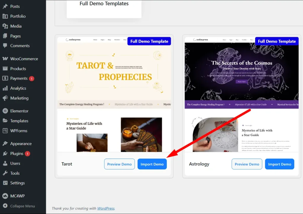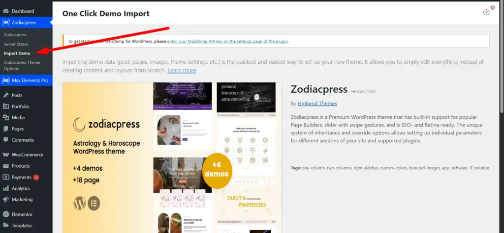Step 1: Log in to your WordPress dashboard and navigate to {theme_name} –> Import Demo.
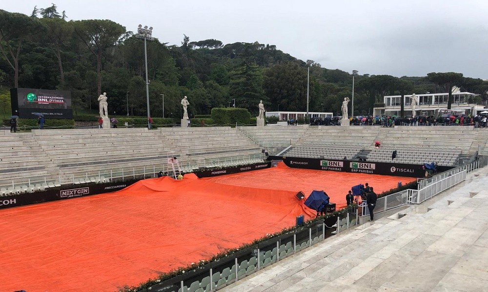 Από το πρωί βρέχει στην ιταλική πρωτεύουσα και ήδη το πρόγραμμα έχει πάει πίσω κατά 90 λεπτά. Οι διοργανωτές του τουρνουά ανακοίνωσαν ότι – καιρού επιτρέποντος – τα σημερινά ματς στο όπεν Ρώμης, θα αρχίσουν στις 13:30. Όμως η πρόγνωση λέει ότι η βροχή θα κρατήσει για αρκετές ώρες.
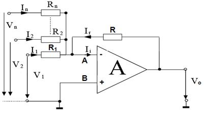Cand la intrarea inversoare se aplica mai multe tensiuni prin intermediul unor rezistente, la iesire se obtine un semnal in antifaza egal cu suma tensiunilor de la intrare
----------------------------------------
Reproduce the preceding material exactly, skipping pictures.

Step 1: Log in to your WordPress dashboard and navigate to {theme_name} –> Import Demo.
 Από το πρωί βρέχει στην ιταλική πρωτεύουσα και ήδη το πρόγραμμα έχει πάει πίσω κατά 90 λεπτά. Οι διοργανωτές του τουρνουά ανακοίνωσαν ότι – καιρού επιτρέποντος – τα σημερινά ματς στο όπεν Ρώμης, θα αρχίσουν στις 13:30. Όμως η πρόγνωση λέει ότι η βροχή θα κρατήσει για αρκετές ώρες.
Cand la intrarea inversoare se aplica mai multe tensiuni prin intermediul unor rezistente, la iesire se obtine un semnal in antifaza egal cu suma tensiunilor de la intrare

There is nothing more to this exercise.